- **DATASET**:
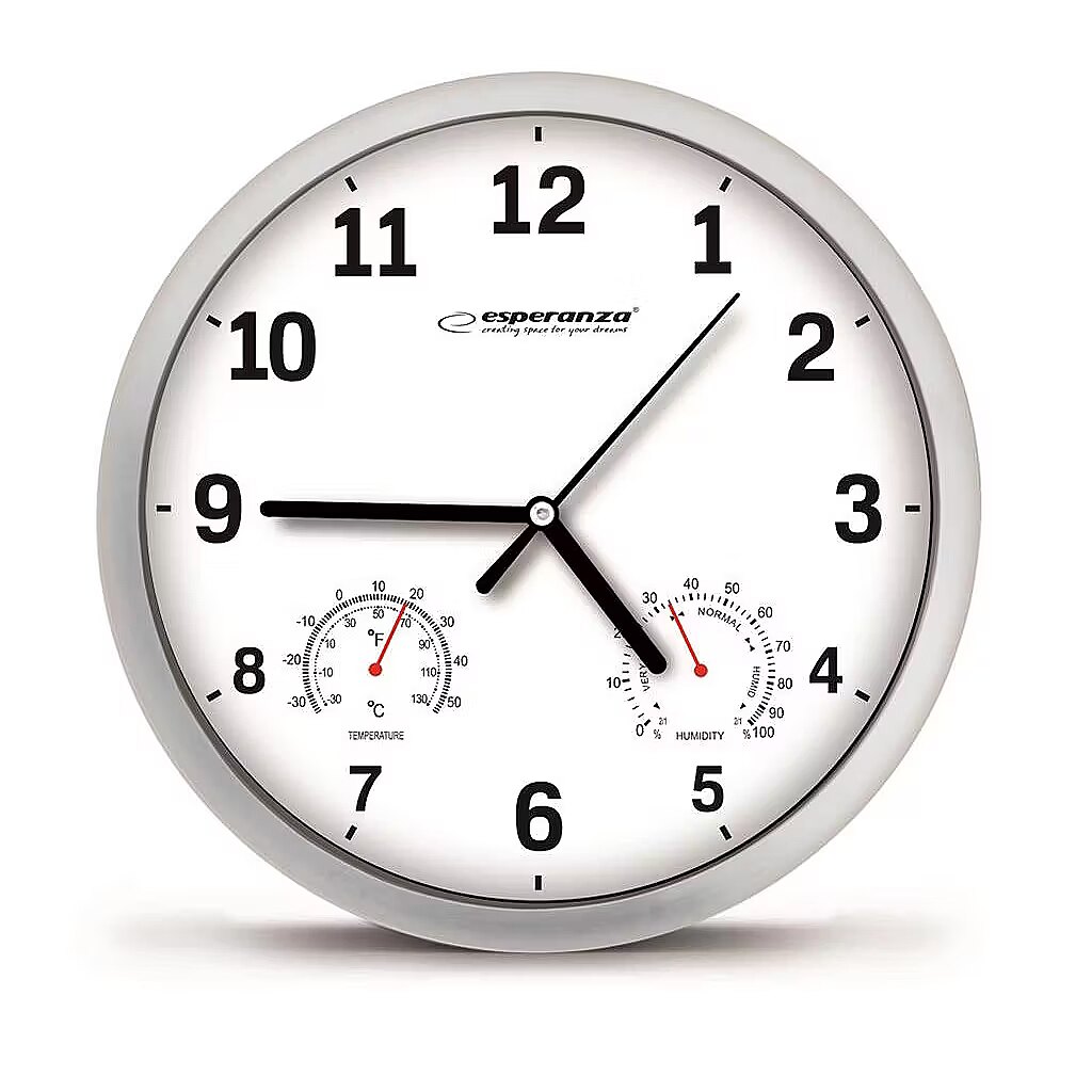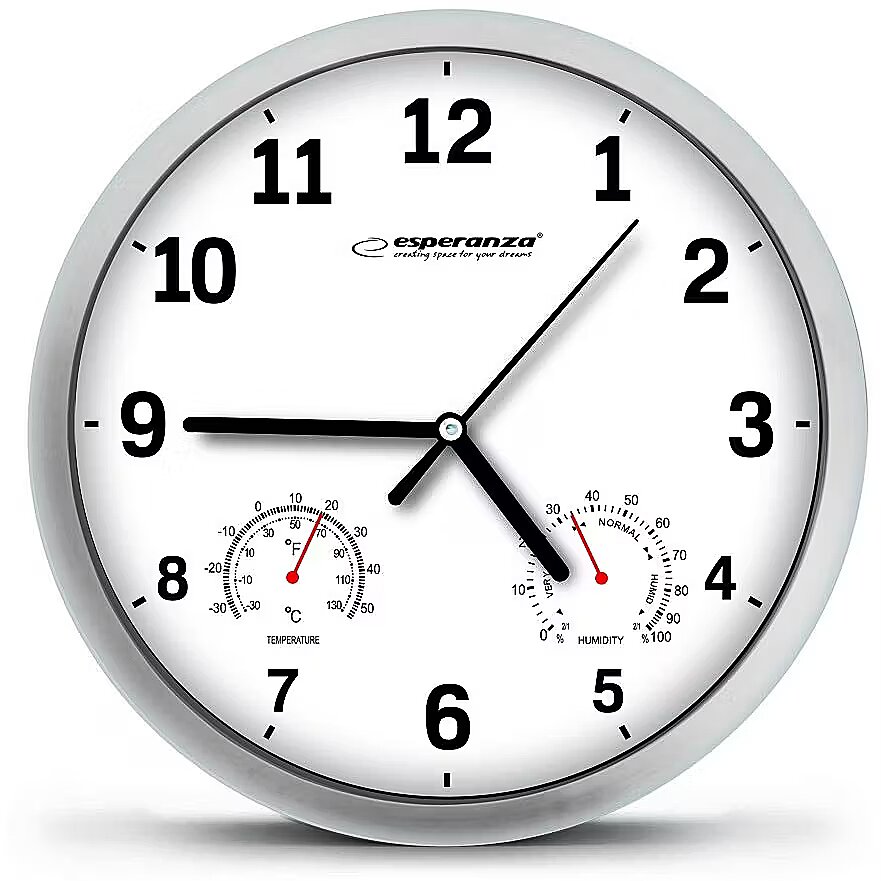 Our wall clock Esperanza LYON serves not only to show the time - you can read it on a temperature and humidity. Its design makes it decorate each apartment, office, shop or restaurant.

==

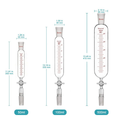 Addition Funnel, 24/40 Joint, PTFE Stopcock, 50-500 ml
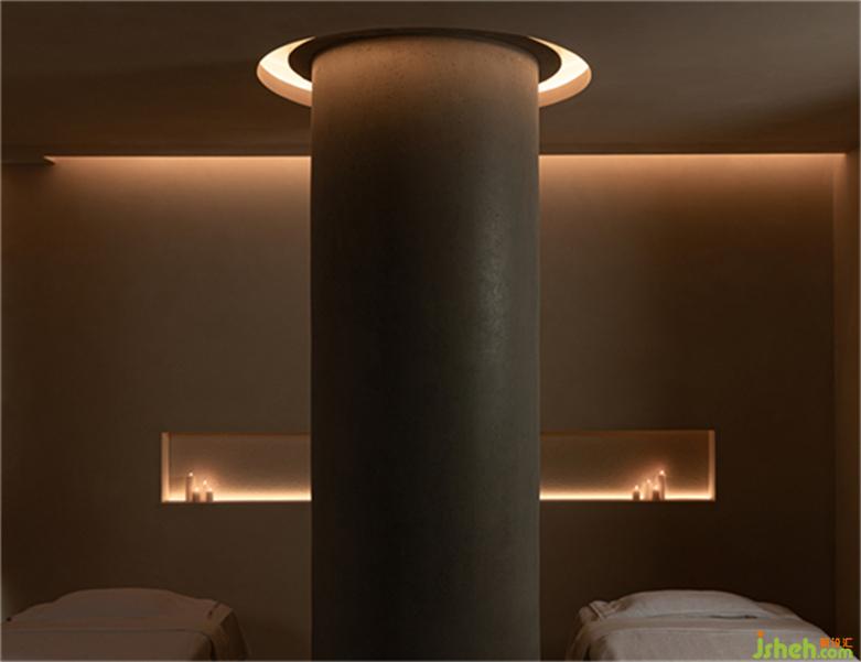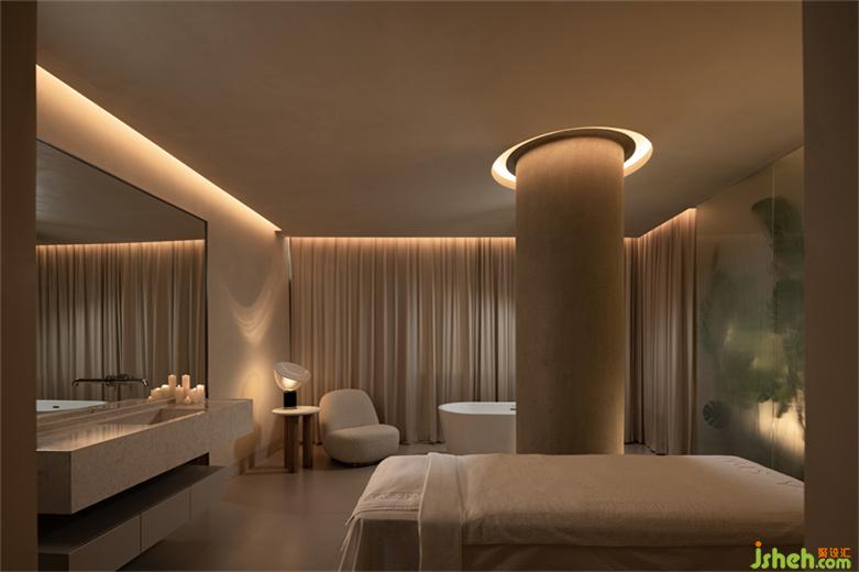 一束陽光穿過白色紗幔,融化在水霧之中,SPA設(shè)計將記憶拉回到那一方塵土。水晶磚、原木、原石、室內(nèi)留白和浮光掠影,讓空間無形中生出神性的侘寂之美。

- **WHAT YOU ARE ASKED TO DO**: Excerpt from the records above: set down only the lines from the one that contains "Addition Funnel, 24/40" through the one that contains "一束陽光穿過白色紗幔,融化在", inclusive, word for word. Pictures stay out.

- **EXERCISE ANSWER**:
 Addition Funnel, 24/40 Joint, PTFE Stopcock, 50-500 ml
 一束陽光穿過白色紗幔,融化在水霧之中,SPA設(shè)計將記憶拉回到那一方塵土。水晶磚、原木、原石、室內(nèi)留白和浮光掠影,讓空間無形中生出神性的侘寂之美。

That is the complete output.